Once caching works for a single document, the interesting problem becomes structural: how do you organize a real application's prompts, tool definitions, and context so that caching happens automatically across every code path, not just the one you hand-tuned? The teams that get this right do not sprinkle `cache_control` markers reactively. They design the prompt-assembly layer around a small set of patterns, so that stable content always renders before volatile content and breakpoints land at natural stability boundaries. This post collects those reusable patterns.
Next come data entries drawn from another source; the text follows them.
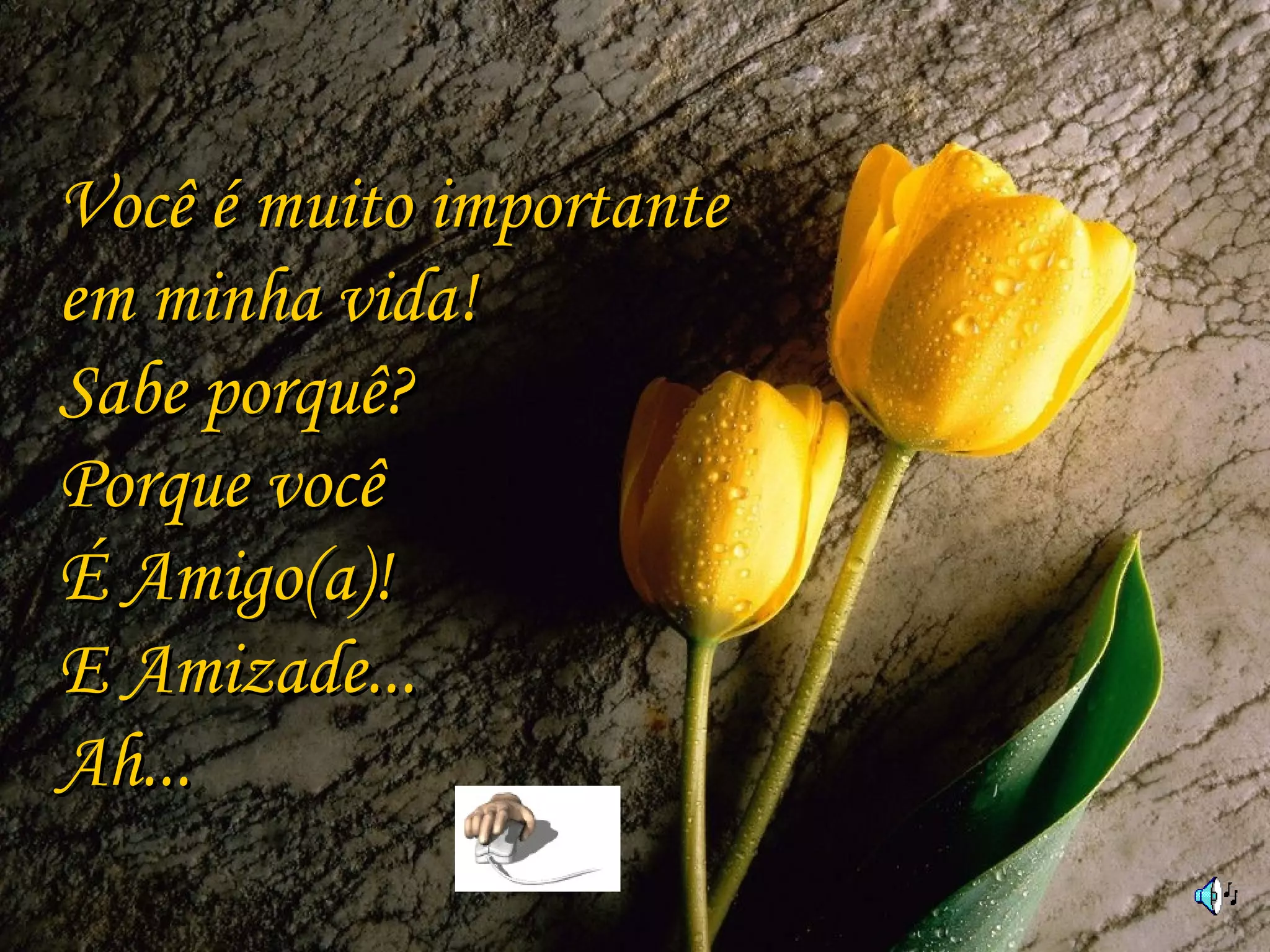 O documento celebra a amizade e seu significado profundo. A amizade é descrita como a forma suprema de amar, doar-se sem esperar nada em troca, e estar sempre ao lado um do outro, mesmo em momentos difíceis. A mensagem é dedicada a alguém especial na vida do autor, a quem ele se orgulha de chamar de amigo.
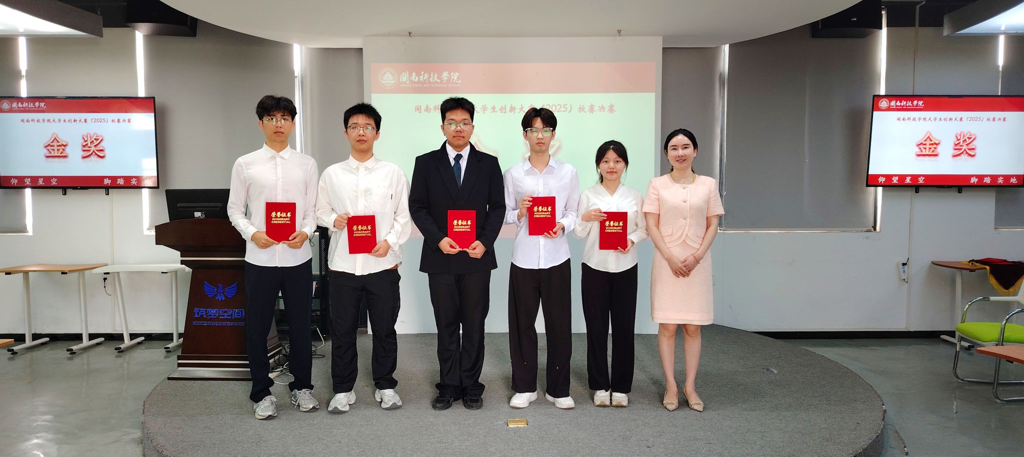 岳瀚槭副校长为获得金奖的团队颁奖
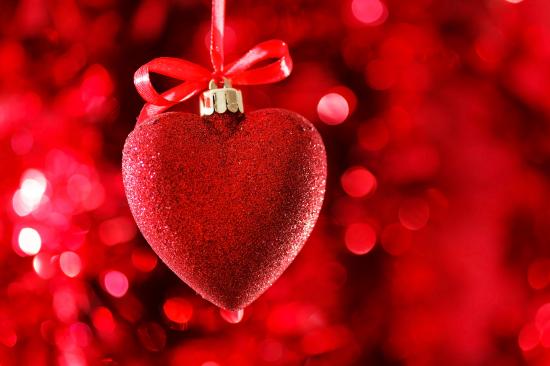 Wallpaper Red big shiny heart with ribbon on red background
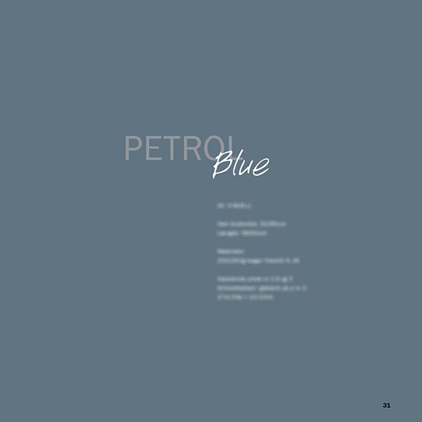 Susie viderefører sin sikre stil fra GREY DAYS – nu i blå nuancer. Opskrifterne er gennemarbejdede, designet som vi kender det fra Susie - meget enkelt og rent i udtrykket.
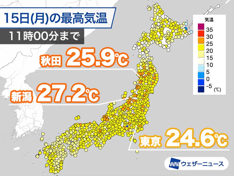 新潟や秋田で午前のうちに夏日到達
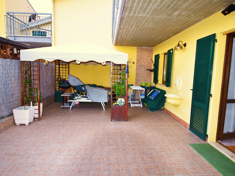 Corte esterna dotata di gazebo e su due porzioni di giardino piantumato con varie essenze arboree e dotato di impianto di irrigazione, fontane e impianto di illuminazione; dispone inoltre di serbatoio di 500 lt per il recupero di acqua piovana. Primo Piano di mq 90 circa con salone zona pranzo e salotto, cucina a vista con penisola, bagno con vasca idromassaggio e ripostiglio.
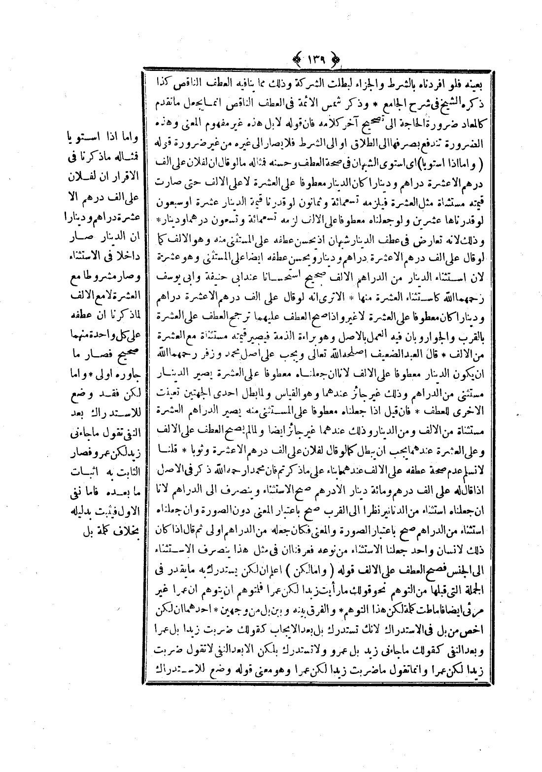 ـــــــــــــــــــــــــــــQبِعَيْنِهِ فَلَوْ أَفْرَدْنَاهُ بِالشَّرْطِ وَالْجَزَاءِ لَبَطَلَتْ الشَّرِكَةُ وَذَلِكَ مِمَّا يُنَافِيهِ الْعَطْفُ النَّاقِصُ كَذَا ذَكَرَهُ الشَّيْخُ فِي شَرْحِ الْجَامِعِ وَذَكَرَ شَمْسُ الْأَئِمَّةِ فِي الْعَطْفِ النَّاقِصِ إنَّمَا يُجْعَلُ مَا تَقَدَّمَ كَالْمُعَادِ ضَرُورَةَ الْحَاجَةِ إلَى تَصْحِيحِ آخِرِ كَلَامِهِ فَإِنَّ قَوْلَهُ لَا بَلْ هَذِهِ غَيْرُ مَفْهُومِ الْمَعْنَى وَهَذِهِ الضَّرُورَةُ تَنْدَفِعُ بِصَرْفِهَا إلَى الطَّلَاقِ أَوْ إلَى الشَّرْطِ فَلَا يُصَارُ إلَى غَيْرِهِ مِنْ غَيْرِ ضَرُورَةٍ.
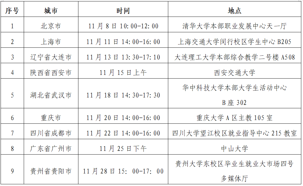应聘者本人携带个人简历前往宣讲会现场报名。校园宣讲会行程如下:

Think of it as a pattern catalog for the prompt-building code itself — the function that takes your inputs and produces the `tools`, `system`, and `messages` payload. Get the layering right there and caching becomes a property of the architecture rather than a per-request afterthought.

## Key takeaways

- **Layer by stability:** never-changes content first, per-session content next, per-turn content last, per-request junk eliminated or pushed to the very end.
- Serialize tools deterministically (sorted keys, stable order) so the position-0 block is byte-identical across requests and users.
- For shared-prefix-varying-suffix workloads, put the breakpoint at the end of the *shared* part, not the end of the whole prompt.
- In multi-turn conversations, mark the last block of the newest turn; earlier breakpoints stay valid as read points.
- For fan-out, send one request first, await its first token, then fire the rest so they read the cache the first one wrote.
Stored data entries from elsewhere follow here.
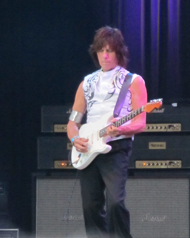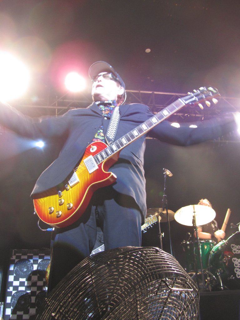 & white Beatles shirt, DP bow tie Hello There, Big Eyes, California Man, Ain’t That a Shame, Baby Loves to Rock, Magical Mystery Tour, IWYTWM, Flame, Need Your Love, Sick Man of Europe, Surrender, Auf Wiedersehen, Goodnight Now. The band performed well despite the frequent spells of heavy rain, blown towards the stage by a gusting wind. The crowd was warm but not overwhelming towards CT, perhaps because of the rain, and perhaps because Cheap Trick were something of a contrast to the headliner. The style of this set was similar to the set at the Download Festival, where every minute was important and so Rick really cut down on his stage banter. The setlist is pretty self explanatory. After “Baby Loves to Rock”, Rick said “Thank you Hamburg. If you’re not sure, we are Cheap Trick”, and after “IWYTWM”, he thanked the crowd for having Cheap Trick in Hamburg, and briefly introduced the band. He finished by saying “It’s an honour to be on the same stage as Jeff Beck, he’s number one”. That was no throwaway comment, it’s been long documented how much Cheap Trick (and Rick in particular) are fans of Jeff Beck. Robin sounded hoarse during “The Flame” and didn’t try for the long note. After “Surrender” there was a short band meeting on stage”, after which Rick said “We’ve got time for one more, thank you”. That one became two, as they played “Auf Wiedersehen” and then closed with “Goodnight Now” with 3 endings. Before leaving the stage, Rick said “Thank you very much, we’re Cheap Trick, we’ll see you around”. The show ended at 7.38pm, and the crowd had visibly swelled during the bands set. Hopefully some new fans were made. During the show Rick did try to bridge the grassy gap between stage and crowd, venturing down 3-4 times to throw picks, and even posed briefly mid-set with a security guard off in front of the left side of the stage. Jeff Beck came on at around 8.15pm or so, and it was cool to see all of Cheap Trick plus many of their crew watch the master at work. He played technically brilliant guitar, making even the most difficult seem effortless. Somewhat odd though was having planes pass by every few minutes as they approached the nearby airport. However, not a single drop of rain fell during the guitar god’s set. The 5 of us left Hamburg at 10pm, getting back to Osnabruck around 1am for yet another obligatory rock & roll late night!
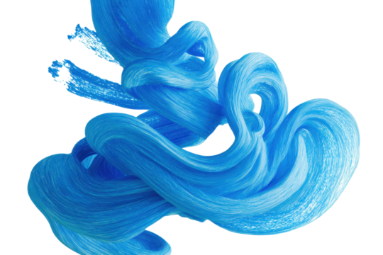 Abstract light blue ink flow brush shape transparent PNG isolated background. Vibrant, vivid, colorful art, bright swirl texture design
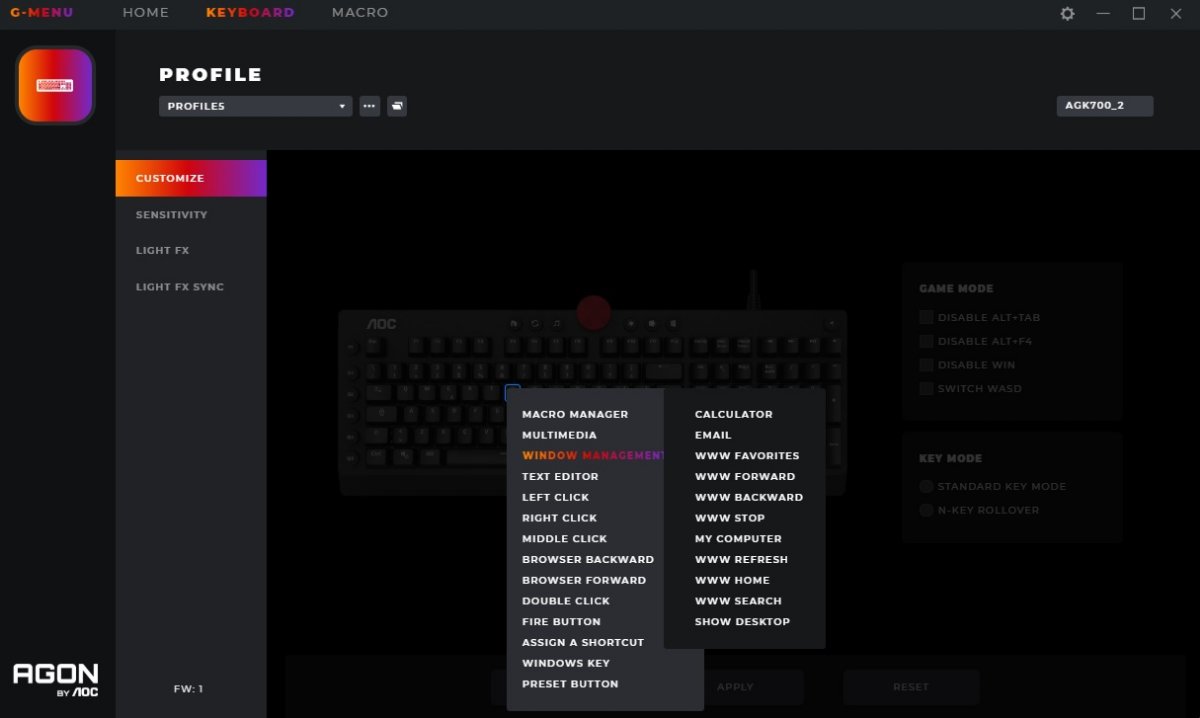 Do wygodnego zarządzania całym zestawem akcesoriów potrzeba intuicyjnego w obsłudze programu, który działa kompleksowo. Takim rozwiązaniem jest G-Menu od AGON by AOC. Pozwala on na sterowanie z jednego miejsca zarówno podświetleniem AOC Light FX, jak i parametrami sprzętu.

## Pattern: layer content by how often it changes

The foundational pattern is to classify every input that flows into the prompt by its change frequency, then physically order the prompt so the slowest-changing content comes first. There are four buckets, and each has a home.

| Bucket | Examples | Where it goes |
| --- | --- | --- |
| Never changes | Agent persona, tool schemas, policy doc | Tools + start of system, behind a breakpoint |
| Per session | User profile, retrieved knowledge base | After the global prefix, own breakpoint |
| Per turn | Conversation history, latest message | End of messages, marked on newest turn |
| Per request | Timestamps, request UUIDs, random IDs | Eliminate, or place dead last after all breakpoints |

This ordering is not optional decoration; it is what makes the prefix match. A per-request UUID that sneaks into the system header sits in front of everything and invalidates the entire cache on every call. The same UUID placed in the final user message invalidates nothing before that message. The pattern is: classify, then sort by stability ascending, then place breakpoints at the bucket boundaries.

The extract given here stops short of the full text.